# Sempre or Infinito?



## daystate

Ok Chaps,

As per the title, which way should I go. Usage will be as follows:

- 2 to 3 hour rides for fun and general fitness
- Possible group rides
- Possible sportive riding (100km)
- Possible triathlons (20 to 40km ride)

This will be my first road bike aftter mountain biking for years.

If size makes any difference, I am 5"11" and weigh 82kgs.

Really interested to know what you think.


----------



## imitsus

check the geometries, and choose what is best for you. From what you are saying, I believe a c2c bike suits you better than a b4p. Other than that, check out the specs or some offer on a 2010 model perhaps. Also consider seriously to built one yourself and buy only the frameset. good luck


----------



## kbwh

The Infinito invites to a more upright position than the Sempre, but it is not difficult to obtain equal saddle to handlebar drop on them. The Sempre is geometry is more "classic racing bike" than the Infinito which is similar to Specialized Roubaix, Cannondale Synapse and Cervélo RS. 

Maintenance is easier on the Sempre since the gear cables run externally along the down tube.
If you plan to buy a complete bike you will se that the Infinito is offered with higher end groups than the Sempre is.


----------



## a_avery007

how flexible are you?
how do you like your bike to handle?

infinito has a longer wheelbase and slacker angles
sempre shorter, and steeper- just a little on both and bb30

rode a sempre this week and it has very good road feel, and feels like an excellent all arounder, whereas the infinito in my size (55cm) is just a little too slow and tall for my tastes..

will be trying a 928sl this week, back to back with the sempre, to see which way i go.

ifinito is gorgeous, to me, in celeste
the oltre just does not do it for me looks wise. imlo


----------



## Sharknose

*Not so different*

Their geometries are actually very similar. It's mostly at the headtube where there's any real difference.
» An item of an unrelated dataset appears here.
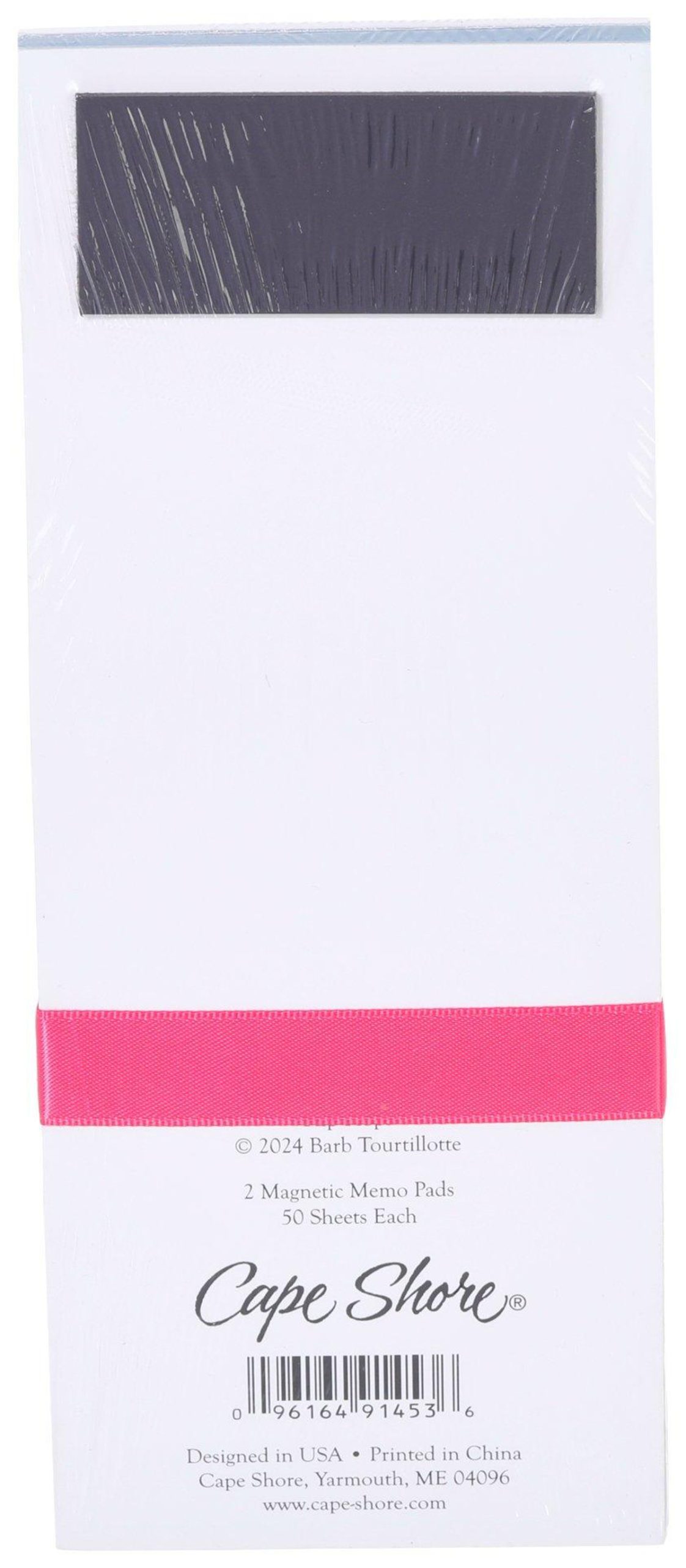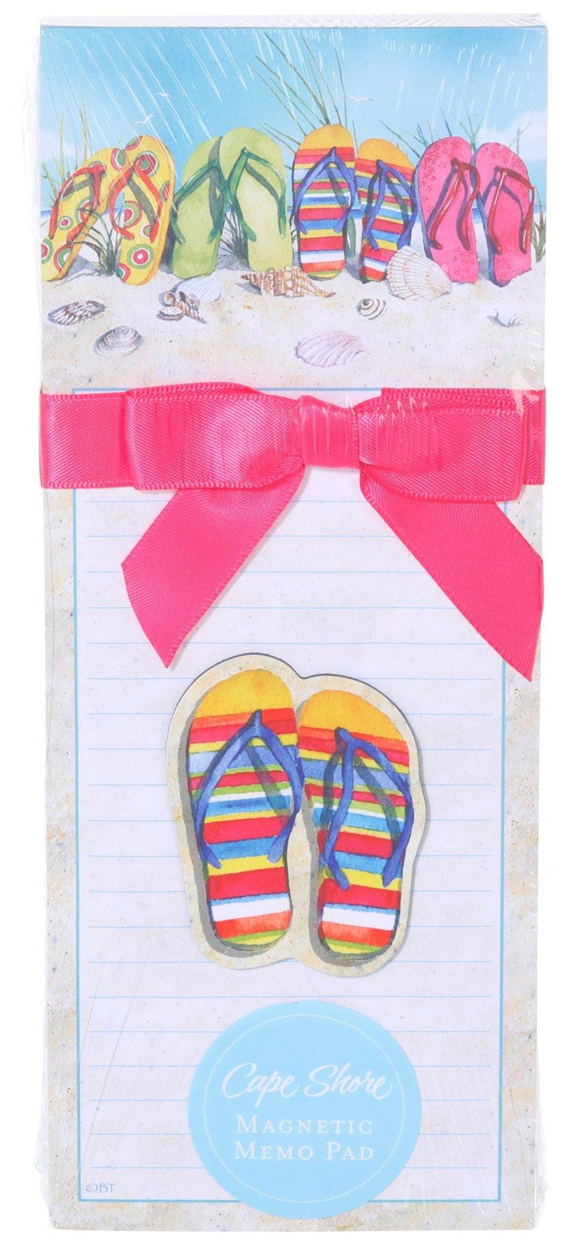 This 2 pack of magnetic memo pads features colorful flip flops on the beach for a fun, coastal touch. Each pad includes a matching flip flop magnet, perfect for holding notes or photos. With magnetic backing, these memo pads stay easily accessible on any metal surface. Measures approximately 8.5 in x 3.5 in.
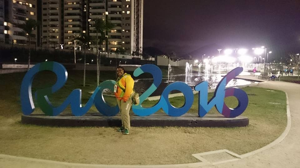 Claire Dawn-Marie Gittens poses with a Rio Olympics signage in Rio de Janeiro, Brazil in 2016. Picture taken in 2016. Claire Dawn-Marie Gittens/Handout via REUTERS

Almost everything else lines up neatly.










(Composite made from photos from bianchi.com)

The Infinito features Kevlar patches on the fork and stays to help absorb vibration. The Sempre offers BB30. I've test ridden the Infinito and it was smooooth. I'll know more about the Sempre as soon as my dealer gets back from Interbike.


----------



## a_avery007

in 55cm bike the wheelbase will be over 1.25cm difference
and that could mean that a bike might be too small and short or too long and tall.

that is noticeable in my book.


----------



## Sharknose

a_avery007 said:


> in 55cm bike the wheelbase will be over 1.25cm difference
> that is noticeable in my book.



Most of the difference is in head tube angle. The Sempre has 408mm chain stays, the Infinito has 410mm - a 2mm difference. The BB-to front axle measurement is 590mm on the Infinito, and 587mm on the Sempre, again a mere 3mm.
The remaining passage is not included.